Sarma Melngailis

Sarma Melngailis Instagram – Pressures have built all at the same time. I’m cracking. Also something’s shifted and I don’t understand most interactions. I now viscerally feel discomfort when replying with “good” to a polite doorman’s “how are you?” asked in passing as I’m rushing past with Leon hoping he keeps his diaper dry. I overthink everything but don’t know how not to.

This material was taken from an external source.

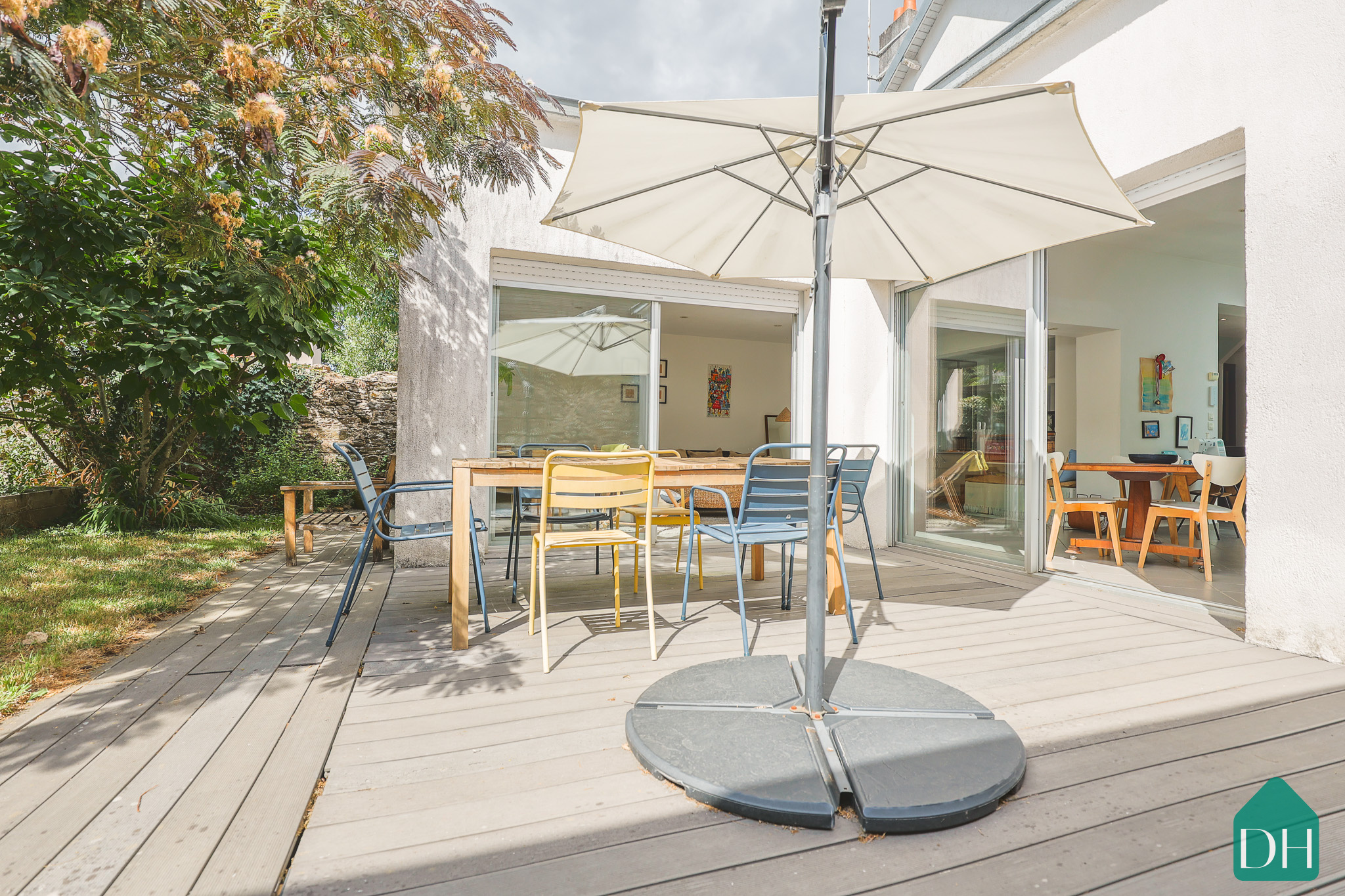 Dès l’entrée, vous serez séduit par son vaste espace de vie lumineux , ouvert sur une terrasse et un jardin paysagé clos.

As a result of this shift, which I don’t understand, I seem nearly incapable of politely lying about my feelings. I can’t do it anymore. It’s going to be awkward. It already is. I cry a lot. Doing it in front of others has been among my biggest fears and now facing it as I sometimes can’t stop even when I have to walk Leon. What’s coming up and out is, I think, what’s been stuck over a lifetime. There’s so much that I think maybe it’s more than just mine, coming out through me.

I have to let go of things. Pressure is too much. Also I’m stuck. I wrote a thing to post but it’s not done, and will make some ppl uncomfortable but oh well. So many here say you’re rooting for me and that lifts me. Or, holds me up. 🙏🏻✨ I still believe in myself too. But also I’m sort of drowning.

Some of the pressure is near term financial. How I got here partially covered in that NYmag thing titled “BV2?” but everything is just part of the story. I’ve always thought I can handle anything, will figure it out. Things will work out. Solutions will appear. I’m strong. But also I’m weakened and cracking. Have been skating on the edge of getting by and recently one of my skates fell off. Things are not always as they appear.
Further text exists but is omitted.